Another artful dodger was Mark Potok, senior fellow of the Southern Poverty Law Center (SPLC), which characterizes pro-family groups including Family Research Council, as “hate groups” because they oppose the homosexual political agenda. After FRC President Tony Perkins told the media that SPLC has been “reckless in labeling organizations ‘hate groups’ because they disagree with them on public policy,” Potok called Perkins’ remarks “outrageous.” The best defense is a good offense, and if the SPLC knows how to do anything, it’s to be offensive.
Mr. Potok also rejected the suggestion that the SPLC’s hate list had anything to do with making “the objects of criticism” into “the targets of criminal violence.”
The press has not been shy about making such instant connections, as long as the victim is part of a favored group.
In 1998, the Family Research Council and other Christian public policy groups and ministries ran full-page “Truth in Love” ads in major newspapers featuring men and women who overcame homosexuality and in many cases went on to marry and have children. The “ex-gays” credited Jesus Christ, who, they said, loves homosexuals as much as He does anyone else.
On October 11 of that same year, two men abducted college student Matthew Shepard outside a bar in Laramie, Wyoming, beat him and tied him to a fence. He died early the next morning at a hospital.

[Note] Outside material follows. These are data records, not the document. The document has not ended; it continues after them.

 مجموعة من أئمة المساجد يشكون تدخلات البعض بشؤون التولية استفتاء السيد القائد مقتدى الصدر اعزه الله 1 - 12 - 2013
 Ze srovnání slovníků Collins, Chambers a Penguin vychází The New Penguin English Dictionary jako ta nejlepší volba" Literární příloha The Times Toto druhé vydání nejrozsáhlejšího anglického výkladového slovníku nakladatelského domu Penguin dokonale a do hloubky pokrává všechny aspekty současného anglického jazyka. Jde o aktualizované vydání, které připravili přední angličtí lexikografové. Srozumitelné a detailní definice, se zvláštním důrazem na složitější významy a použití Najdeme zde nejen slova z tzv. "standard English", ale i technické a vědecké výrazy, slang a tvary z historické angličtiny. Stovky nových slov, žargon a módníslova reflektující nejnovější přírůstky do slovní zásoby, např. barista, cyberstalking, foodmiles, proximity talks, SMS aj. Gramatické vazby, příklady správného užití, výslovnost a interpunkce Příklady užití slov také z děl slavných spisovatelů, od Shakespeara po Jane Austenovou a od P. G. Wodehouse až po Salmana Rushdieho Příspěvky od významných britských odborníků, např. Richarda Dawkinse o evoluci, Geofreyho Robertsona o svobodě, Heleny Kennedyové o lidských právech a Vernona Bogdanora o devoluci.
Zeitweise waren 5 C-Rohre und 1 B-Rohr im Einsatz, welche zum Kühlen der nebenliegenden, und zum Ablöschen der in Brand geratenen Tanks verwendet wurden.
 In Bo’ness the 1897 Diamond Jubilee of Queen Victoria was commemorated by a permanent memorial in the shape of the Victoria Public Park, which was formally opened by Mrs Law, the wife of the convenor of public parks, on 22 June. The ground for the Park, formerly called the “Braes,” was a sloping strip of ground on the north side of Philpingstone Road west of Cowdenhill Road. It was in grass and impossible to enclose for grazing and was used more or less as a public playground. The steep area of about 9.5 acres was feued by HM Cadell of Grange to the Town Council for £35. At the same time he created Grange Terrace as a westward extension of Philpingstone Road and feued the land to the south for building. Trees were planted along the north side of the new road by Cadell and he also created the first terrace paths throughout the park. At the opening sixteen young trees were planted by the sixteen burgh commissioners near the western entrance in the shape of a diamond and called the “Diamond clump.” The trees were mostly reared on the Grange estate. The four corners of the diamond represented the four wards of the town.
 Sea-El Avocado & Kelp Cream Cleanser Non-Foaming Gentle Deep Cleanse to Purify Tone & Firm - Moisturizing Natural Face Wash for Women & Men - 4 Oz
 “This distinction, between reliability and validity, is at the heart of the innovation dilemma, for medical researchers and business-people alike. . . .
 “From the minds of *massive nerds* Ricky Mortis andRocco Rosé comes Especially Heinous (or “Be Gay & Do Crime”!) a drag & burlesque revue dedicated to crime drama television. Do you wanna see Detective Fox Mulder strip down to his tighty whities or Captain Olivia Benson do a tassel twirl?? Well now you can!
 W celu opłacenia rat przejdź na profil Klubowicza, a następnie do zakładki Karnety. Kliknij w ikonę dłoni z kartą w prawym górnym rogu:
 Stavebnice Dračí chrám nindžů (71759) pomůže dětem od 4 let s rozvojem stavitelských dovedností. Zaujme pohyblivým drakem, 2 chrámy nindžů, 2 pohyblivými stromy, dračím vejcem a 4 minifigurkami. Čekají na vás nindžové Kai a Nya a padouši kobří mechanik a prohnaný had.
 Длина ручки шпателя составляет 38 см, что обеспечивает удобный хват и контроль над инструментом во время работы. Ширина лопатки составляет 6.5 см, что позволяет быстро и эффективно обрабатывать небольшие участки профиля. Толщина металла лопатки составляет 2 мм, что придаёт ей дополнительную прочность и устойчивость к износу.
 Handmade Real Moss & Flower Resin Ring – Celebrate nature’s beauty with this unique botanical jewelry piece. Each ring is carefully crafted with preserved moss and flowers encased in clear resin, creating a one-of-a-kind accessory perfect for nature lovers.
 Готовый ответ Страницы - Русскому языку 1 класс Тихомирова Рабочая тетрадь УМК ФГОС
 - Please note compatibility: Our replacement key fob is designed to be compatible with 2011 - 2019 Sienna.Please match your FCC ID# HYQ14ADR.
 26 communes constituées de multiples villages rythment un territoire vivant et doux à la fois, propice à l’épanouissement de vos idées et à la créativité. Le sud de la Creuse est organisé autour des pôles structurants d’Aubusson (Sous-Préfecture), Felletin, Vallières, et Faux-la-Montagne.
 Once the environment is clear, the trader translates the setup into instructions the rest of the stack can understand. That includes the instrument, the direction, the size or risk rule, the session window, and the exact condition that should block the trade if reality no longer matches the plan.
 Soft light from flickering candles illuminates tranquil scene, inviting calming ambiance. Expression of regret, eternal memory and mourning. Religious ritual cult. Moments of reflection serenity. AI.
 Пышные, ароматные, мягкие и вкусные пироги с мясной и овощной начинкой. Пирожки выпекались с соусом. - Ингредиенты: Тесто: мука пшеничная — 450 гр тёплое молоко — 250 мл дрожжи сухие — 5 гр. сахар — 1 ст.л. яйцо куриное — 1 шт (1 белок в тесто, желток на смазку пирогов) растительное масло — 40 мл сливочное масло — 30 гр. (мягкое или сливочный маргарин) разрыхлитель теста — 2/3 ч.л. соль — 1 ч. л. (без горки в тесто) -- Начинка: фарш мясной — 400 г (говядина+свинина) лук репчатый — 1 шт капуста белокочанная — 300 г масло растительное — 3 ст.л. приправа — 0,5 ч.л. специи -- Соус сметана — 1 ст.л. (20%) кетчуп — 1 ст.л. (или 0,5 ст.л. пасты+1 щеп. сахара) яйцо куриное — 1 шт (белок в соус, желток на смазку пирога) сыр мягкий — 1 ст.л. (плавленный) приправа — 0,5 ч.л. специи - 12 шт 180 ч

Sensing an historic opportunity, public relations teams of homosexual activists went into overdrive in Laramie, pushing the narrative that Mr. Shepard had been murdered simply for “being gay,” and that the “hate-filled” pro-family “Truth in Love” ads were complicit.
Major network figures such as NBC’s David Gregory suggested that Mr. Shepard was the victim of “a new cultural war against gays and lesbians” by “religious right groups.” Katie Couric of NBC’s Today Show asked a homosexual activist, “Do you believe this ad campaign launch by some conservative groups really contributed somehow to Matthew Shepard's death?” The activist, Elizabeth Birch, quickly replied “I do, Katie,” and said “they happen because people's minds have been twisted with cruel stereotypes about gay and lesbian people.”
Apart from the slander, the truth is far more complicated, as an ABC News 20/20 investigative report revealed:
“Former Laramie Police Detective Ben Fritzen, one of the lead investigators in the case … believed robbery was the primary motive. ‘Matthew Shepard's sexual preference or sexual orientation certainly wasn't the motive in the homicide,’ he said. ‘If it wasn't Shepard, they would have found another easy target. What it came down to really is drugs and money.’”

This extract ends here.